Abstract

Critical thinking is considered a necessary learning outcome for all college students and essential for academic and career success.  There are many challenges to developing a comprehensive approach to teaching and assessing critical thinking skills. Although the literature has many examples of the incorporation of critical thinking and assessment into courses, longitudinal studies following engineering students through their undergraduate career are lacking.  This study assessed the impact of using the Paul-Elder Critical Thinking Framework to enhance undergraduate students’ critical thinking skills with the hypothesis: There will be a significant increase in undergraduate students’ critical thinking abilities from the freshman to the senior year with the explicit and strategic incorporation of critical thinking assignments.

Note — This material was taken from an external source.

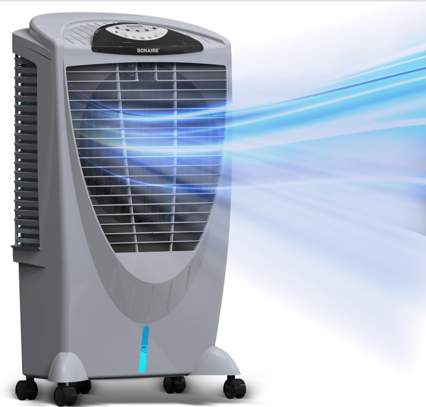Bonaire Durango 3100 CFM Portable Evaporative Air Cooler with Remote, Model CDU6280051. Features an adjustable control panel, remote control, and removable filters. Requires 120 V, 60 Hz, 1.9A power supply. Instruction manual is not included. Pickup only.
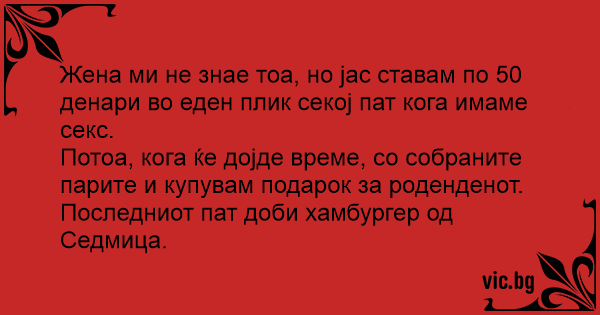 Жена ми не знае, но всеки път като правим секс слагам по левче в един буркан. Със събраните пари и купувам подарък за рожденният и ден.

The research question was, “How do the critical thinking skills of undergraduate engineering students change as they progress through the engineering program with the explicit and strategic incorporation of critical thinking assignments?” The study was a descriptive, longitudinal study of three engineering student cohorts as they progressed through the four year undergraduate program. The study was approved by the university’s Institutional Review Board. There was a statistically significant increase in critical thinking scores over the four years for each of the three cohorts. Integrating and evaluating critical thinking assignments into engineering curricula is possible, but a major challenge to critical thinking assessment using a holistic rubric is training engineering faculty in their use.  The results are encouraging, and participating faculty agree; but sustaining these efforts to imbed critical thinking assignments throughout the engineering college curriculum will require effort and administrative support.